=== Section Start ===
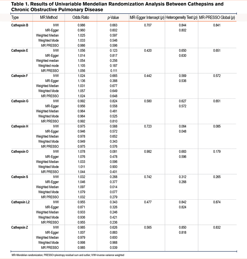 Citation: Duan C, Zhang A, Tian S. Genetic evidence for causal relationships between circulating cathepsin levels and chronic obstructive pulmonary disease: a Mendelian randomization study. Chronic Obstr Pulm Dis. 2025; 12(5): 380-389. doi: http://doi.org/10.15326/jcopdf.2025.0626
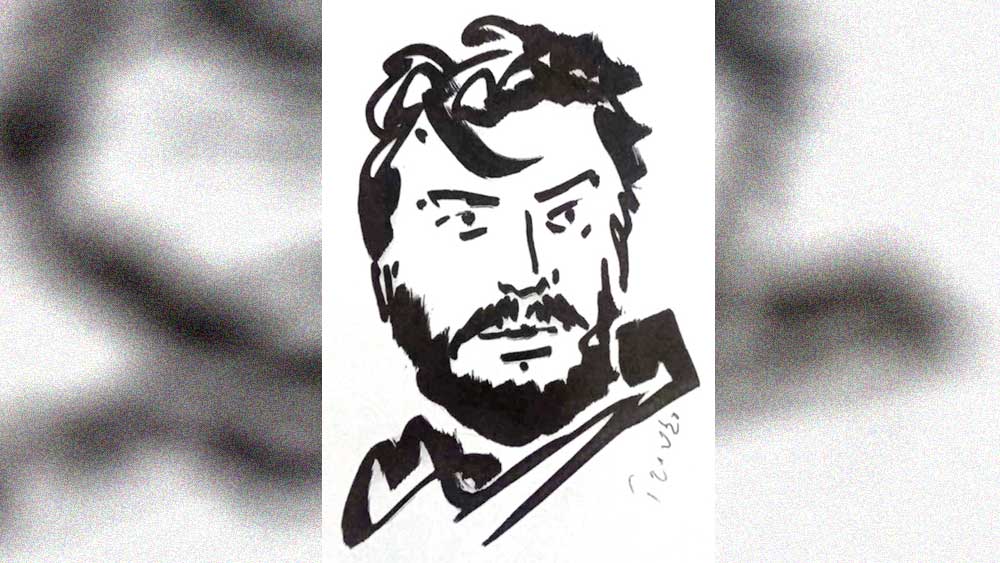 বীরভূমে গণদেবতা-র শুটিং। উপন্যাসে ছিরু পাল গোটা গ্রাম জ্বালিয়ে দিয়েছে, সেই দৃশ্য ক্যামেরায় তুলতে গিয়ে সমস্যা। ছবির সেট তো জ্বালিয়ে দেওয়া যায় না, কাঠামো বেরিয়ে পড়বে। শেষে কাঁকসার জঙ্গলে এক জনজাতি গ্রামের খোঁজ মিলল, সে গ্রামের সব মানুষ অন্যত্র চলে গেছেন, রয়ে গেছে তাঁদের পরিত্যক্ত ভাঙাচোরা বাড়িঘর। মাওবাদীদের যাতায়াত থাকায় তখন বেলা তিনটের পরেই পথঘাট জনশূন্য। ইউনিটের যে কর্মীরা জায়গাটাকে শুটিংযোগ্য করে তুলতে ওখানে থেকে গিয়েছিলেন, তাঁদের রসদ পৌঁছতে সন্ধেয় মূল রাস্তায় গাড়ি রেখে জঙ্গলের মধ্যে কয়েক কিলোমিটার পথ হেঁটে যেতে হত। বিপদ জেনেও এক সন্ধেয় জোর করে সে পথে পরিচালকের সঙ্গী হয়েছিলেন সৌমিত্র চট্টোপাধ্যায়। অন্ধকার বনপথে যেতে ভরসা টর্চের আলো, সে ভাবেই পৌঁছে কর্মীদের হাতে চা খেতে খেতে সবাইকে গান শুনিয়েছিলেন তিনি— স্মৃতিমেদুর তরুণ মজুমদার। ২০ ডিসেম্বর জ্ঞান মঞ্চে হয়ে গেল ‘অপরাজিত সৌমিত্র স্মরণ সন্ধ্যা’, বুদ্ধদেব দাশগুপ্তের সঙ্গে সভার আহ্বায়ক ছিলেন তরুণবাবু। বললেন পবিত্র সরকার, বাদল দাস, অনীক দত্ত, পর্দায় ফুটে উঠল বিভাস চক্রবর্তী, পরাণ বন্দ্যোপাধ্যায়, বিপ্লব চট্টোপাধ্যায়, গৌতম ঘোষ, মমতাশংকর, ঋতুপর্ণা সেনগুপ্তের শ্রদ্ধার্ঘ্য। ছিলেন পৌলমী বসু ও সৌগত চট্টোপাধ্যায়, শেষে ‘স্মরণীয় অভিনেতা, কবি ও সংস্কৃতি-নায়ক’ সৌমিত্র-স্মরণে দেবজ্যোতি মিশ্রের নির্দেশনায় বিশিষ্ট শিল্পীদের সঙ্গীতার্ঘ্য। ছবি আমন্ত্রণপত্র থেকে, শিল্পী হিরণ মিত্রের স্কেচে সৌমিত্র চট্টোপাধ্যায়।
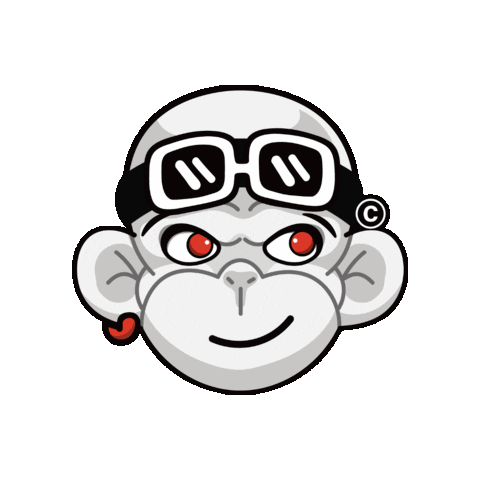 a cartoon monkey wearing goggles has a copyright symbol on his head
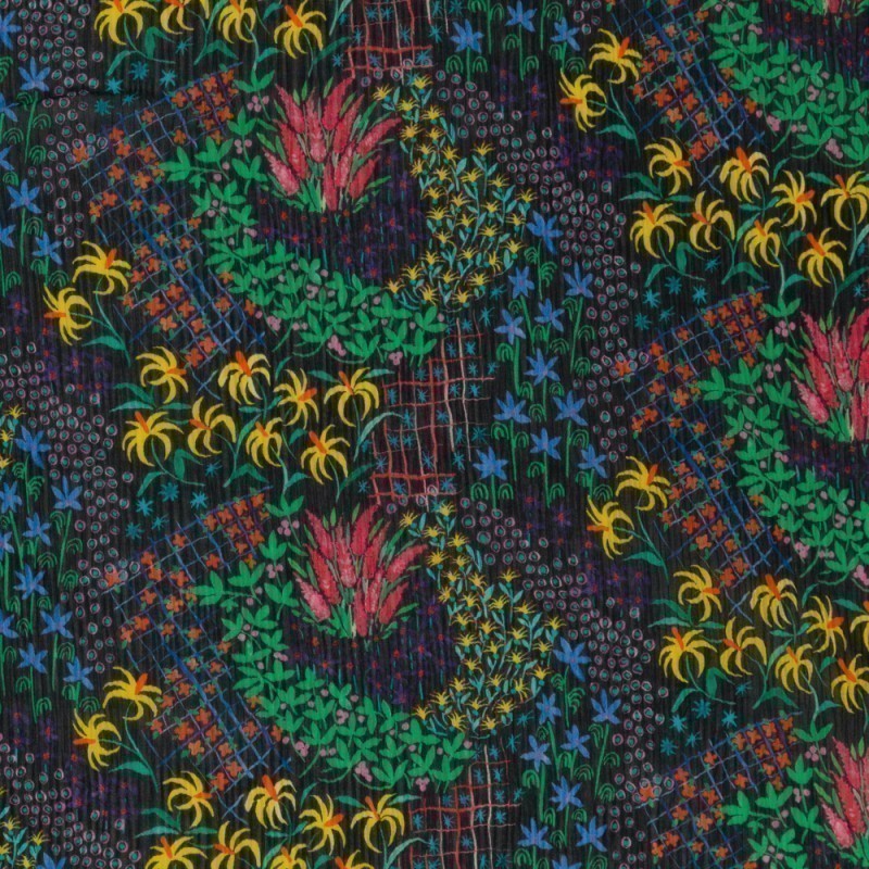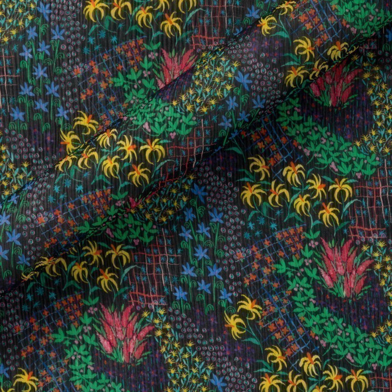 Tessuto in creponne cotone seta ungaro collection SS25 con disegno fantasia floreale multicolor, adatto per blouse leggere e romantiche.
=== Section End ===
Exclude the pictures, and transcribe all of the material exactly.

> [TASK RESULT]
 Citation: Duan C, Zhang A, Tian S. Genetic evidence for causal relationships between circulating cathepsin levels and chronic obstructive pulmonary disease: a Mendelian randomization study. Chronic Obstr Pulm Dis. 2025; 12(5): 380-389. doi: http://doi.org/10.15326/jcopdf.2025.0626
 বীরভূমে গণদেবতা-র শুটিং। উপন্যাসে ছিরু পাল গোটা গ্রাম জ্বালিয়ে দিয়েছে, সেই দৃশ্য ক্যামেরায় তুলতে গিয়ে সমস্যা। ছবির সেট তো জ্বালিয়ে দেওয়া যায় না, কাঠামো বেরিয়ে পড়বে। শেষে কাঁকসার জঙ্গলে এক জনজাতি গ্রামের খোঁজ মিলল, সে গ্রামের সব মানুষ অন্যত্র চলে গেছেন, রয়ে গেছে তাঁদের পরিত্যক্ত ভাঙাচোরা বাড়িঘর। মাওবাদীদের যাতায়াত থাকায় তখন বেলা তিনটের পরেই পথঘাট জনশূন্য। ইউনিটের যে কর্মীরা জায়গাটাকে শুটিংযোগ্য করে তুলতে ওখানে থেকে গিয়েছিলেন, তাঁদের রসদ পৌঁছতে সন্ধেয় মূল রাস্তায় গাড়ি রেখে জঙ্গলের মধ্যে কয়েক কিলোমিটার পথ হেঁটে যেতে হত। বিপদ জেনেও এক সন্ধেয় জোর করে সে পথে পরিচালকের সঙ্গী হয়েছিলেন সৌমিত্র চট্টোপাধ্যায়। অন্ধকার বনপথে যেতে ভরসা টর্চের আলো, সে ভাবেই পৌঁছে কর্মীদের হাতে চা খেতে খেতে সবাইকে গান শুনিয়েছিলেন তিনি— স্মৃতিমেদুর তরুণ মজুমদার। ২০ ডিসেম্বর জ্ঞান মঞ্চে হয়ে গেল ‘অপরাজিত সৌমিত্র স্মরণ সন্ধ্যা’, বুদ্ধদেব দাশগুপ্তের সঙ্গে সভার আহ্বায়ক ছিলেন তরুণবাবু। বললেন পবিত্র সরকার, বাদল দাস, অনীক দত্ত, পর্দায় ফুটে উঠল বিভাস চক্রবর্তী, পরাণ বন্দ্যোপাধ্যায়, বিপ্লব চট্টোপাধ্যায়, গৌতম ঘোষ, মমতাশংকর, ঋতুপর্ণা সেনগুপ্তের শ্রদ্ধার্ঘ্য। ছিলেন পৌলমী বসু ও সৌগত চট্টোপাধ্যায়, শেষে ‘স্মরণীয় অভিনেতা, কবি ও সংস্কৃতি-নায়ক’ সৌমিত্র-স্মরণে দেবজ্যোতি মিশ্রের নির্দেশনায় বিশিষ্ট শিল্পীদের সঙ্গীতার্ঘ্য। ছবি আমন্ত্রণপত্র থেকে, শিল্পী হিরণ মিত্রের স্কেচে সৌমিত্র চট্টোপাধ্যায়।
 a cartoon monkey wearing goggles has a copyright symbol on his head
 Tessuto in creponne cotone seta ungaro collection SS25 con disegno fantasia floreale multicolor, adatto per blouse leggere e romantiche.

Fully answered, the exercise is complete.